Dienstag, 12. Januar 2016

Philips Senseo Kaffeemaschine HD7817/19 und 7870/60 Twist

Meine Schwiegermutter brauchte einen Ersatz für ihre dahinscheidende Nespresso-Maschine.

Die Anforderungen waren:

  • einfache Bedienung.
  • günstigere Kaffeeportionen, da ein Lungo bei Nespresso bereits fast 40 Cent kostet.
  • kurz/lang Vorwahl für die Wassermenge.
  • 2 Tasse auf einmal.


Also kaufte ich diese Senseo Maschinen im Angebot. Die Twist für meine Schwiegermutter und die einfachere Maschine für mich im Büro wo ich im Moment eine Siebträger-Maschine einsetze.

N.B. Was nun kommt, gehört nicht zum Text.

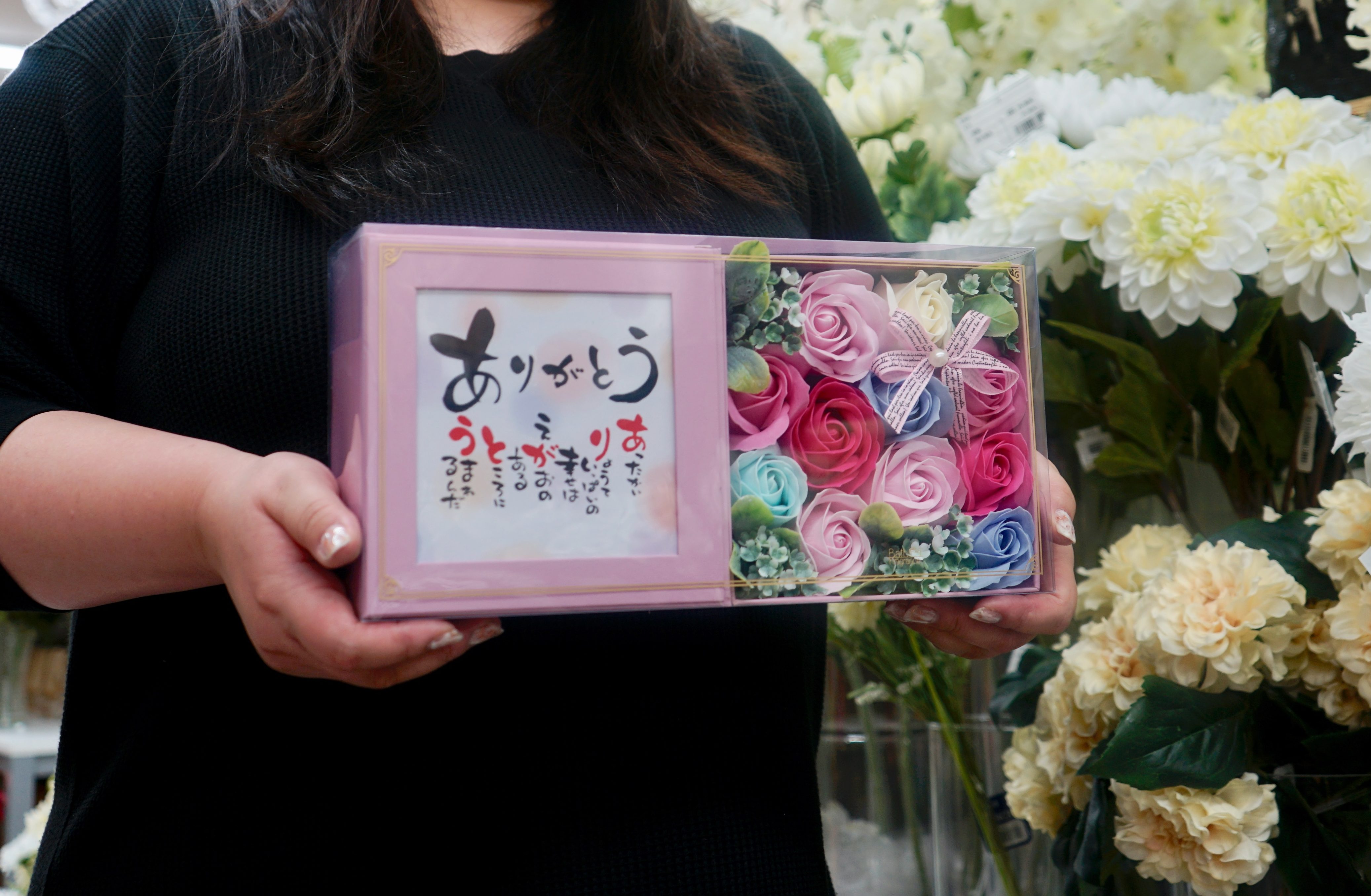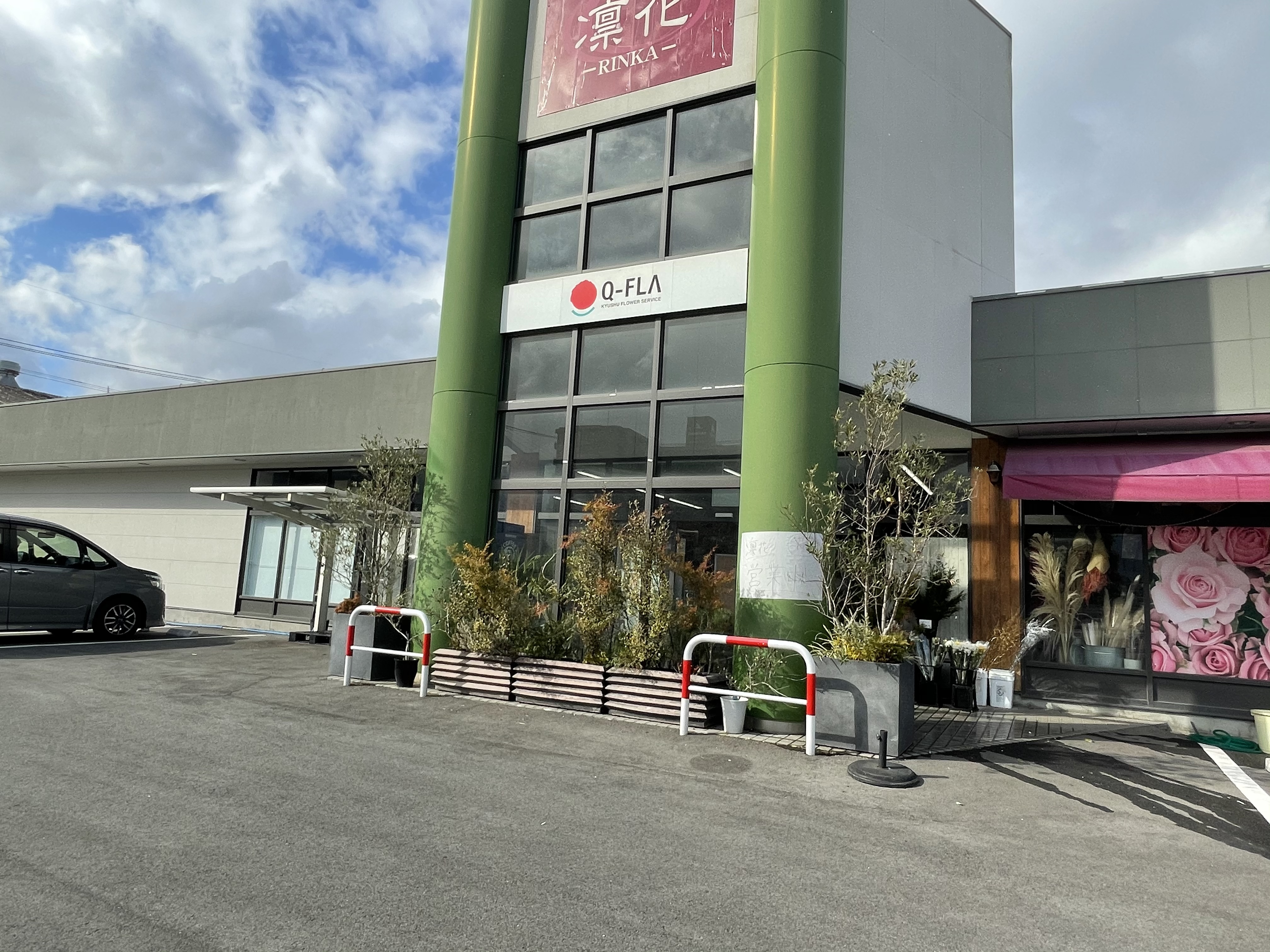 そこが、ゆめタウンはませんのそばにある「Q-FLA(キューフラ)」。熊本に本社があり、全国の雑貨屋さんに雑貨のパーツやアレンジフラワーグッズを卸している会社なんです。

Die Senseo HD7817/19 ist das günstigste Modell am Markt

Die Ausführung ist einfach und die komplette Maschine aus Kunststoff, selbst das Tropfgitter. Es gibt drei Tasten an der Front-Seite. Einen Power-Button sowie Tasten für eine und zwei Tassen.

Im Lieferumfang enthalten waren die Maschine mit großen Wasserbehälter und einem etwa 1 m langen Kabel, sowie zwei Padhaltern für jeweils ein und zwei Pads. Außerdem ist natürlich eine Betriebsanleitung dabei und in unserem Fall war auch ein Gutschein für 200 Gratis-Pads in der Box.

+ der Wasserbehälter ist relativ groß und wird an der Hinterseite abgenommen
+ es gibt zwei Tassengrößen zur Vorwahl
+ der Wasserduchlauf lässt sich stoppen, was mir sehr wichtig ist weil ich gerne stärkeren Kaffee trinke

- die Aufheizphase ist bei dieser Maschine recht lang

Philips Senseo HD7817/19

Die Senseo 7870/60 Twist ist etwas aufwendiger

Bei der Twist sind ein paar zusätzliche Features vorhanden die recht praktisch sind. So kann neben der Anzahl an Tassen auch die Füllmenge vorgewählt werden. Das passiert über ein beleuchtetes Touchfeld. Zudem gibt es eine Entkalkungsanzeige. 

+ Über das Touch-Bedienfeld kann die Kaffeemenge sowie die Tassen-Anzahl gewählt werden.
+ Es gibt eine Entkalkungsanzeige
+ Der an der Seite angebrachte Wassertank lässt sich leicht befüllen, sogar ohne ihn aus der Maschine zu nehmen.
+ Bei niedrigem Wasserstand blinkt die Anzeige.
+ Die Tropftasse lässt sich leicht aus der Maschine nehmen, entleeren und reinigen.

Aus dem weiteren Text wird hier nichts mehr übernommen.